I'm scared that in two years time, when I come out of the army and take a look at the people and things around me, they'd have changed. Changed too much for me to handle, to accept, to overcome.
xjohtox; posted @ 7:46 PM
Saturday, October 22, 2011
I think grief is consuming me. I think so, because I'm putting aside things that are important; I don't think rationally any more.
It's how I handle things. It's wrong. I should change. But it's how I handle things.
xjohtox; posted @ 5:09 PM
Friday, October 21, 2011
What has defined my life? Part 1 of as many as it takes for me to complete them in full concentration.
It's so hard for me to face the truth.
I started off with so much promise. Promise is a crockpot of bullshit if you don't develop it and then sustain it. It has come to nought because it was abandoned halfway. Granted, primary school was easy, but then again it takes a certain ability at that age to do so well.

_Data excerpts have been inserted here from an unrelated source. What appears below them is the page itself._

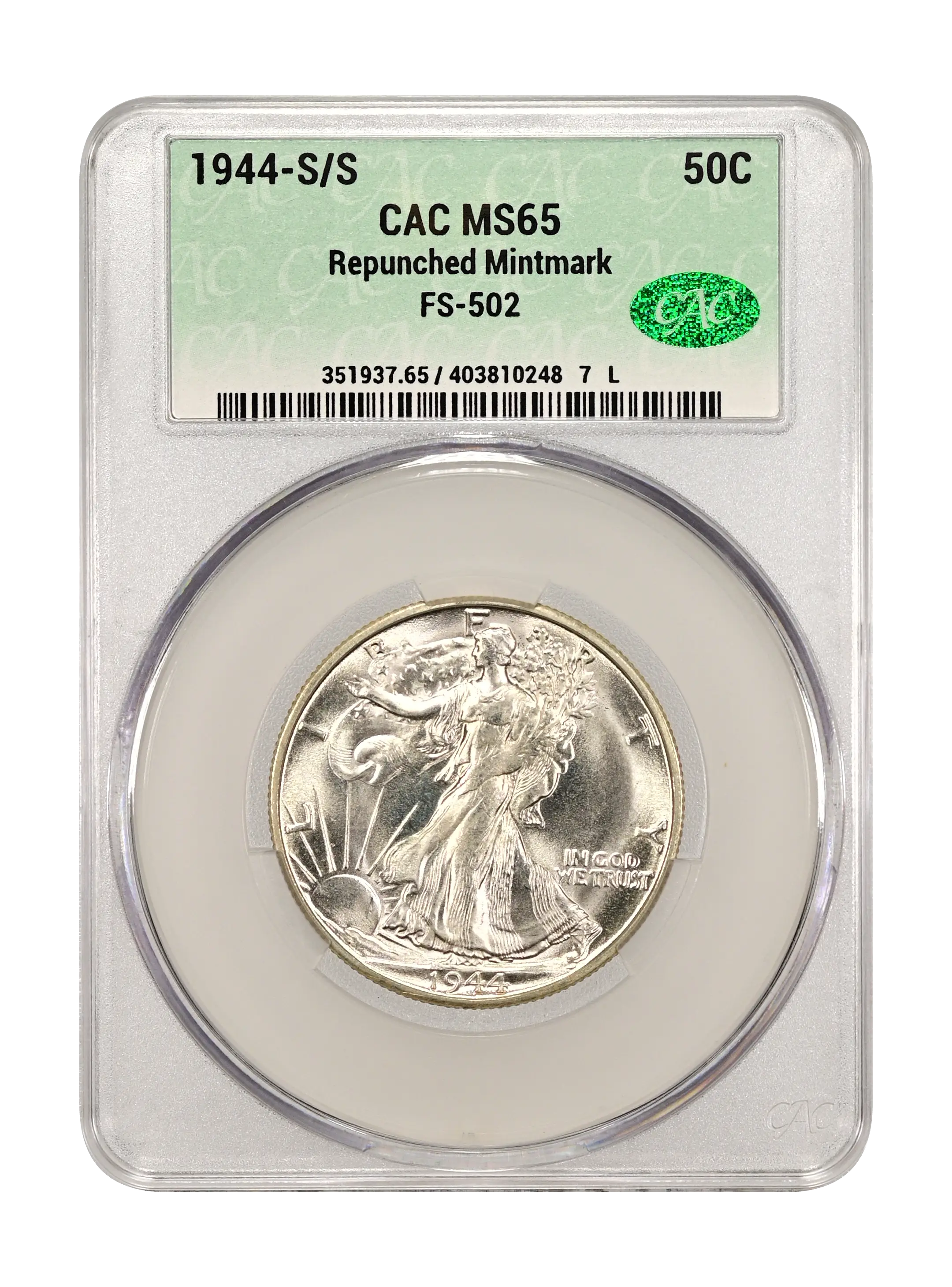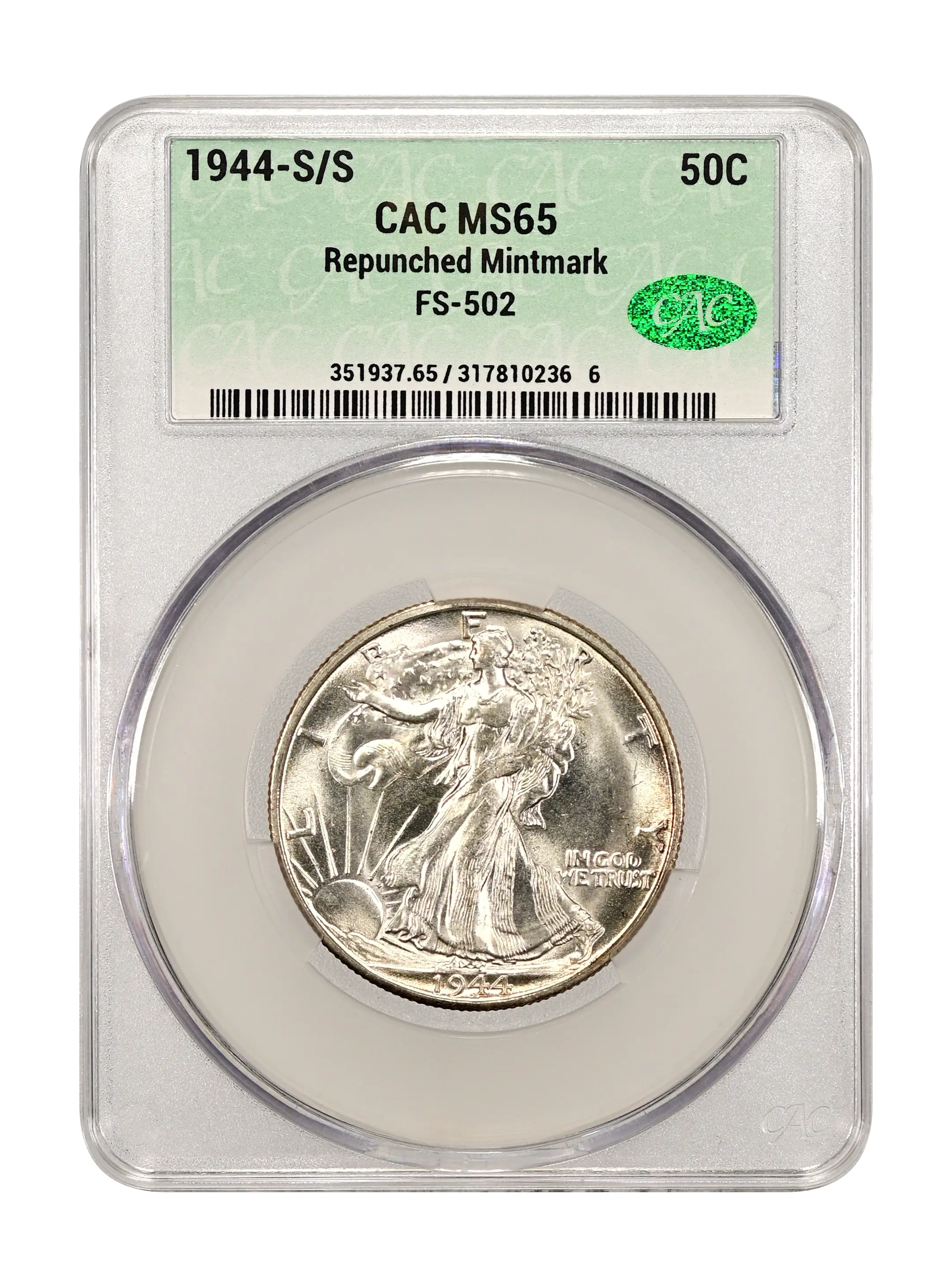 1944-S/S Repunched Mintmark 50c FS-502 CAC MS65
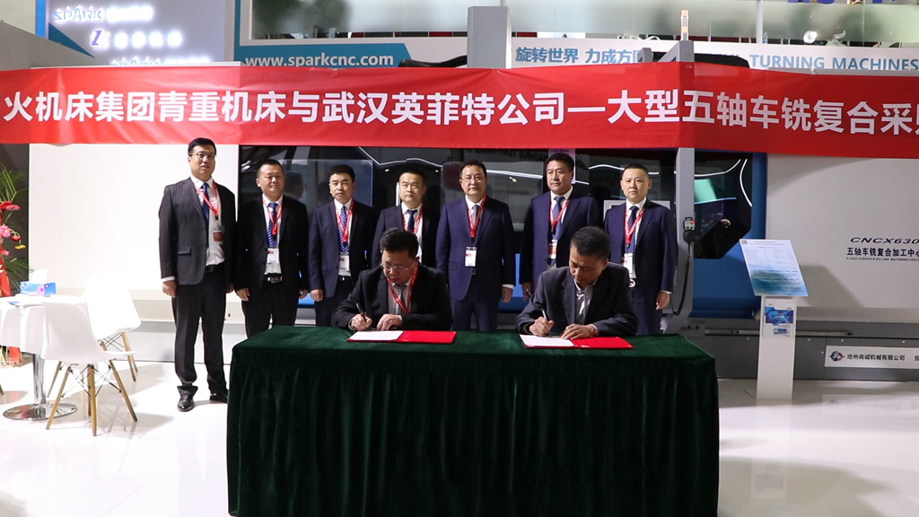 4月11日,星火機(jī)床集團(tuán)青重機(jī)床在展會(huì)現(xiàn)場(chǎng)與客商簽訂大型五軸車銑復(fù)合采購項(xiàng)目合同。
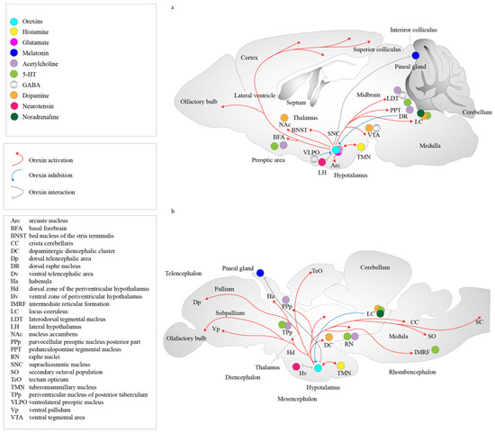 The interaction of sleep-active neurons in the sleep–wake center of the preoptic area is suggested to play an important role in the initiation of non-rapid eye movement (NREM) sleep and maintenance of both NREM and rapid eye movement (REM) sleep [6]. During sleep, neurons of the ventrolateral preoptic area are activated and contain primarily GABA and galanin. Descending inhibitory projections are sent from these neurons to arousal-active neurons that express neurotransmitters of arousal, such as histamine, noradrenaline, 5-hydroxytryptamine (5-HT), and acetylcholine [6,98]. On the other hand, sleep-promoting neurons are inhibited by wakefulness-signaling molecules, such as noradrenaline, acetylcholine, and 5-HT [7]. The lack of orexin activity results in neurons being in the “go silent” state not only in the REM sleep phase but also in the period of wakefulness and is responsible for the onset of narcolepsy/cataplexy seizures [99]. The orexin system is involved in the regulation of waking/sleep states and the maintenance of wakefulness through the interaction of orexin neurons with monoaminergic/cholinergic nuclei in the brain. The orexins are linked to the limbic system, which controls emotional responses, the ventral tegmental reward system, and hypothalamic mechanisms which control food ingestion. In summary, orexins are responsible for perceiving the external and internal environment of the state of arousal [100].
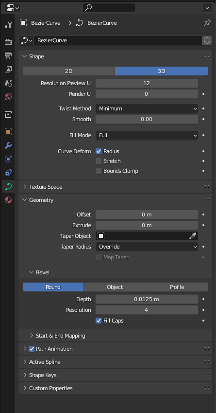불러온 Path는 닫힌 상태로 오며 Object Data Properties에서 Extrude, Bevel을 조절할 수 있다. 판때기를 만들었으니 그 위에 네온사인 같은 조명을 붙이려고 한다. 이것 역시 Path로 만들 것이다.
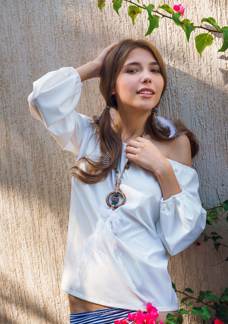 Кареглазая шатенка с причёской хвостиками, в белой кофточке и полосатых трусиках, представляет себя стоя на фоне белой стены и лёжа на каменной лестнице в окружении цветов
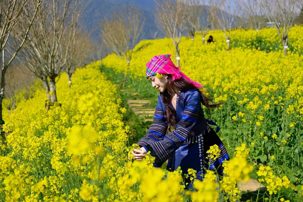 Giữa biển hoa, hình ảnh những cô gái trong trang phục dân tộc rực rỡ trở thành điểm nhấn đầy thi vị. Khăn đội đầu sắc màu, váy thổ cẩm uyển chuyển giữa sắc vàng hoa cải khiến khung cảnh như bước ra từ một bức tranh vùng cao. Ảnh Nguyễn Hoàng
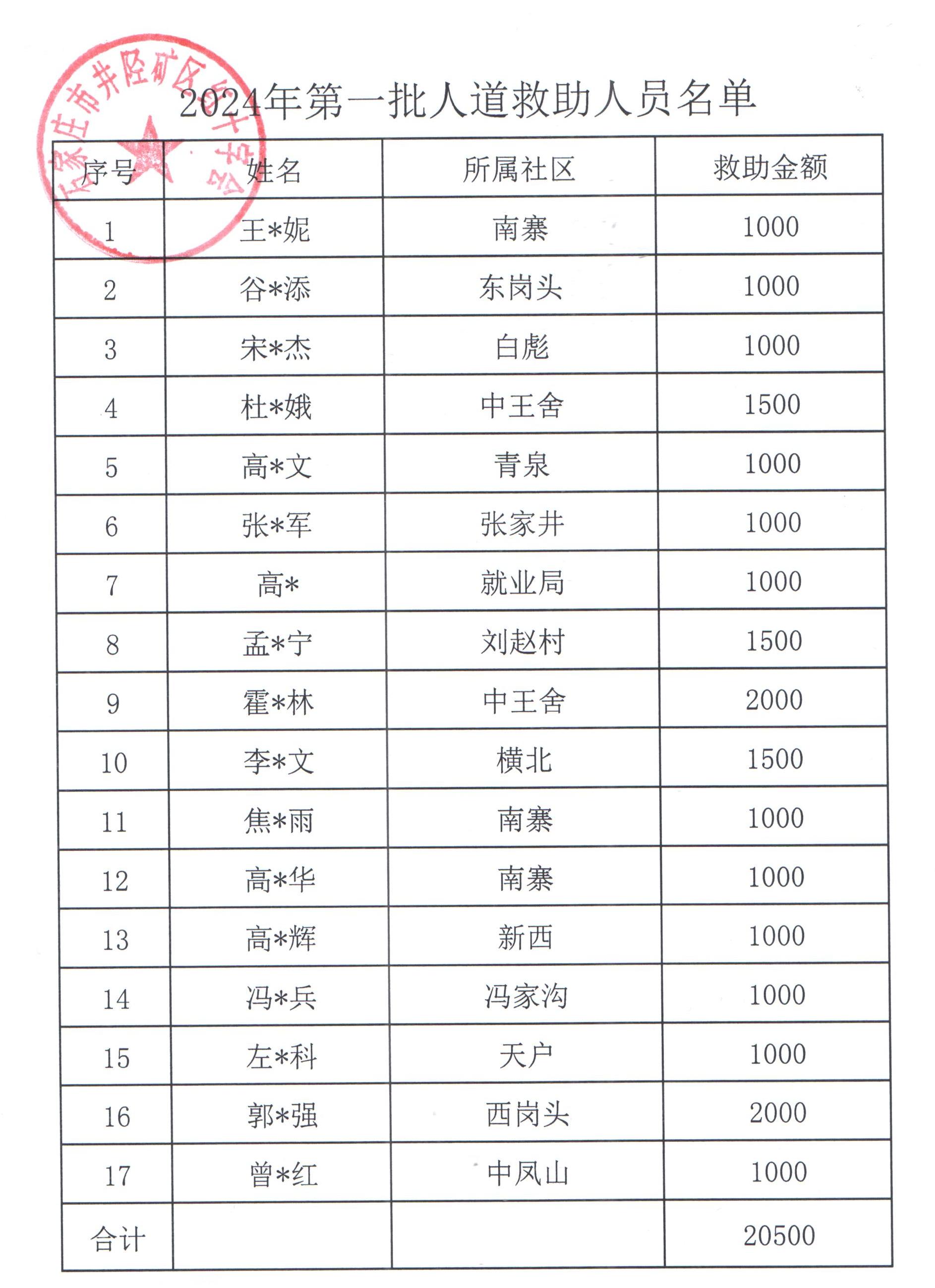 根据井陉矿区人民政府办公室印发的《井陉矿区红十字会大病贫困群众救助管理办法(试行)》,经本人(亲属)申请,由社区、乡镇逐级核实提交矿区红十字会审核,所在社区公示无异议后,矿区红十字会向申请人道救助的17名困难群众发放救助金。救助情况公示如下:

My academic success defined me until age nine. Study was my life, and I enjoyed the feeling when the papers came back with excellent scores on them. 100/100 in math every test, albeit spurred by the incentive of sharks-fin soup. Getting into GEP was the turning point.
Or maybe it was the computer that did it. The internet mesmerized me. I don't even know how I started surfing, started playing games, started being addicted to all that the world wide web had to offer. Then again, that is the power of the internet. It is so pervasive. I think this is trying to shy away from the blame. I should have had the personal willpower to moderate my usage and temper my urges.
You see, that's how it began.
xjohtox; posted @ 8:16 PM
Sunday, July 17, 2011
I read interesting things. I re-post them.
"Sponsorship, which often involves an older, married male spending one-on-one time, often off site and after hours, with a younger, unmarried female, can look like an affair; and the greater the power disparity between the male and the female, the more intense the speculation becomes that the relationship is more than professional. If the woman is subsequently promoted, her achievement will be undermined by office gossip that she earned it illicitly..."
A Woman's Place by Ken Auletta The New Yorker
xjohtox; posted @ 6:33 PM
Thursday, June 23, 2011
"Our journey as human beings is not about following a preordained path, but about creating that path. Life rarely makes any more sense when things are done 'in order'. Life makes sense when we are centered in our own hearts and we let go of resisting how our own unique journey needs to unfold on its own beautiful, unruly way."
xjohtox; posted @ 9:49 PM
Saturday, June 18, 2011
http://jerrybrito.org/post/6114304704/top-ten-myths-about-introverts
xjohtox; posted @ 2:47 AM
Saturday, June 11, 2011
'And behind a very sturdily-built and staunchly-defended facade of practical, unromantic, hard-headedness towards life, there was just that little pool of softness that would never show if you poked for it, but could be reached if you knew just how- and never let on that you were looking for it.' Foundation and Empire
xjohtox; posted @ 4:36 PM The saddest thing in the world, is loving someone who used to love you.